AVAILABLE DATA

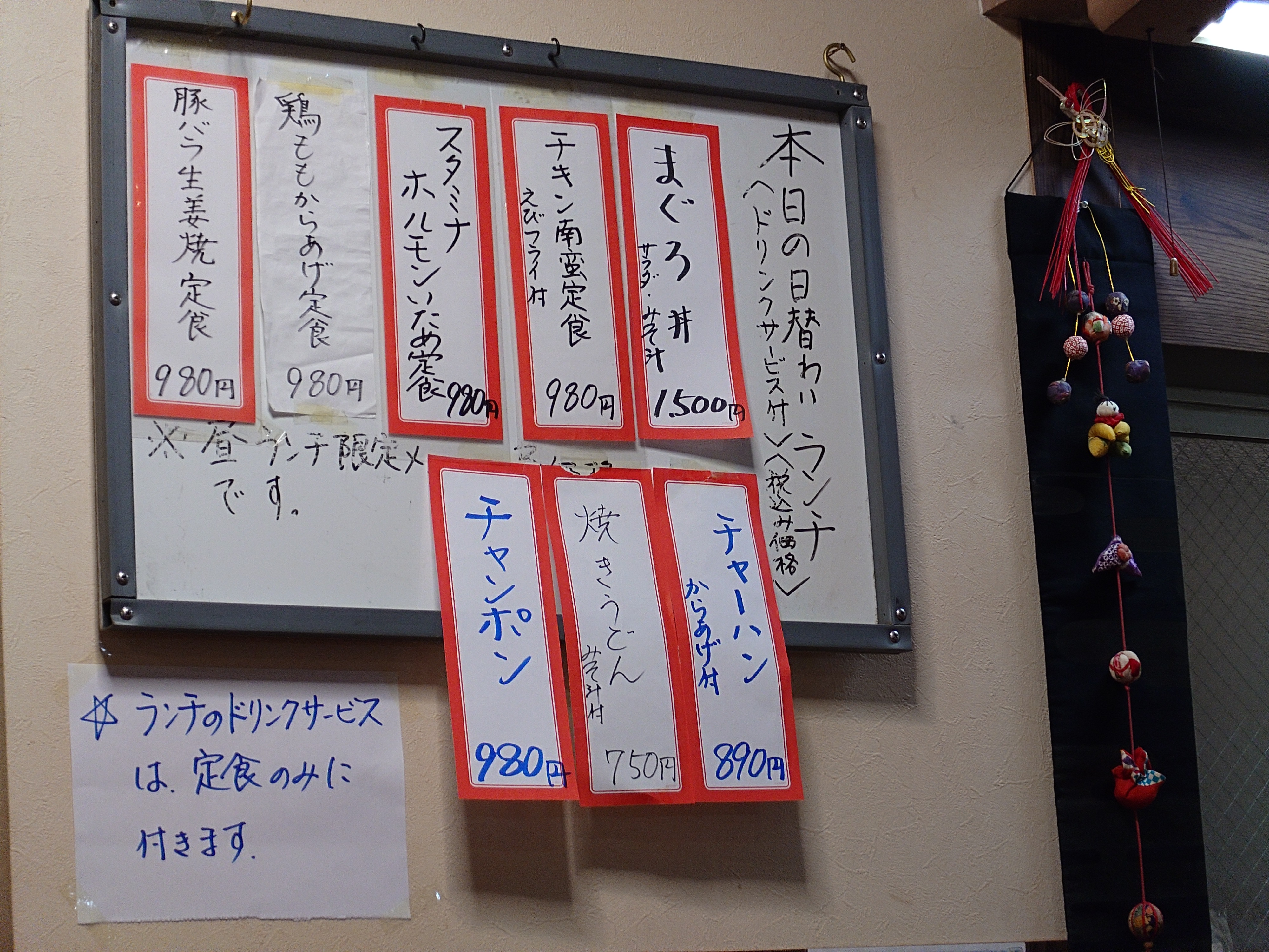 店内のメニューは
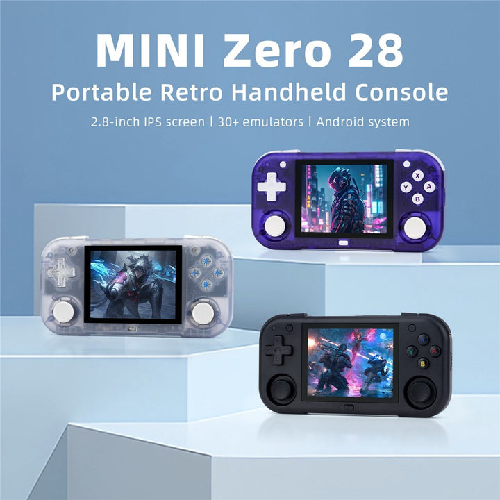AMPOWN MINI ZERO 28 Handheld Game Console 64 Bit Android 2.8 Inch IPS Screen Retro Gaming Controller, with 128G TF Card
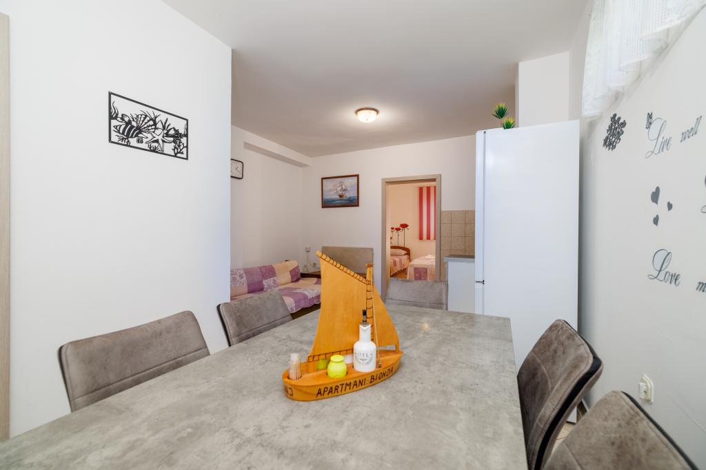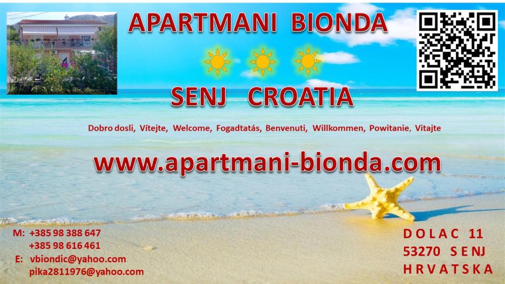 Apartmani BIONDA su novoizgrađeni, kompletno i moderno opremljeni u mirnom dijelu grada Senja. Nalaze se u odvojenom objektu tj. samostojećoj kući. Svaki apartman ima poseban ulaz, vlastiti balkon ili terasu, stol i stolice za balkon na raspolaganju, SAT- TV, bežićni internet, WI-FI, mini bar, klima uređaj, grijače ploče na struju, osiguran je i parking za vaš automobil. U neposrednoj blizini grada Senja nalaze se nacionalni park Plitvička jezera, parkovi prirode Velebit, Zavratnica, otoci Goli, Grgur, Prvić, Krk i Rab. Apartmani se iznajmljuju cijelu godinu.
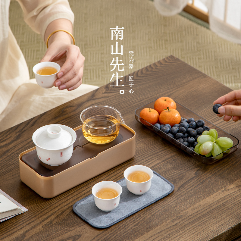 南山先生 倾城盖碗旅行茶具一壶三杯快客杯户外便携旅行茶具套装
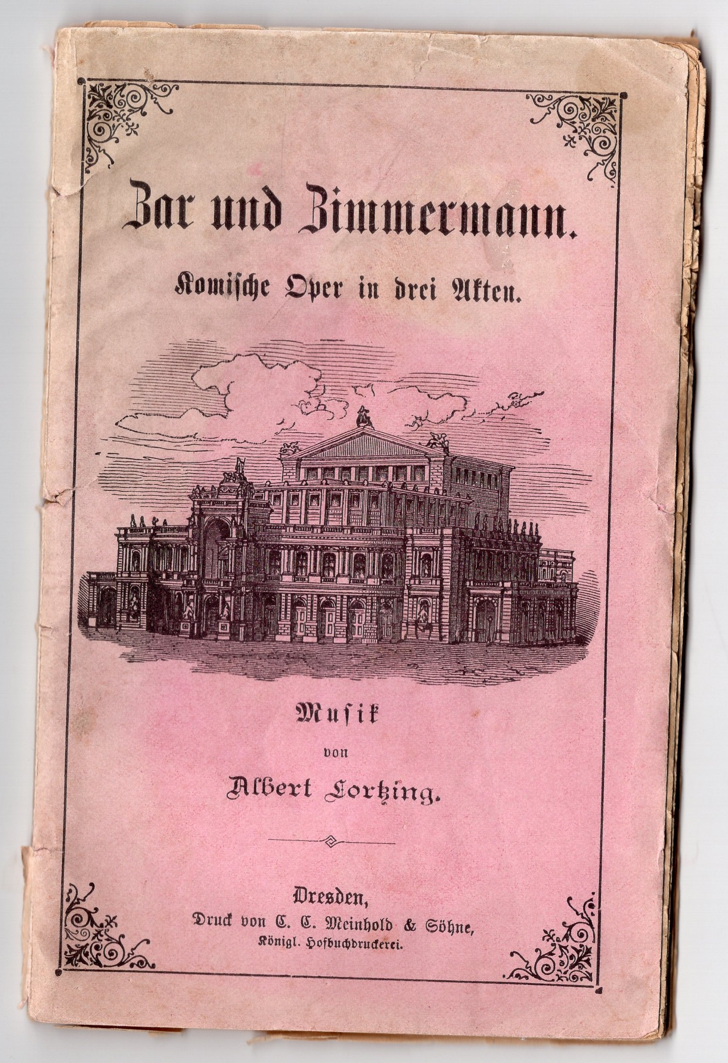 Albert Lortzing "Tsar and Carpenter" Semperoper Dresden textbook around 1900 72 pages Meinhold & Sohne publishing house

DIRECTIONS FOR THIS TASK
Would you retype exactly the lines running from the line that contains "南山先生 倾城盖碗旅行茶具一壶三杯快客杯户外便携旅行茶具套装" through the end of the listing above, both included? Skip every picture.

COMPLETED TASK
 南山先生 倾城盖碗旅行茶具一壶三杯快客杯户外便携旅行茶具套装
 Albert Lortzing "Tsar and Carpenter" Semperoper Dresden textbook around 1900 72 pages Meinhold & Sohne publishing house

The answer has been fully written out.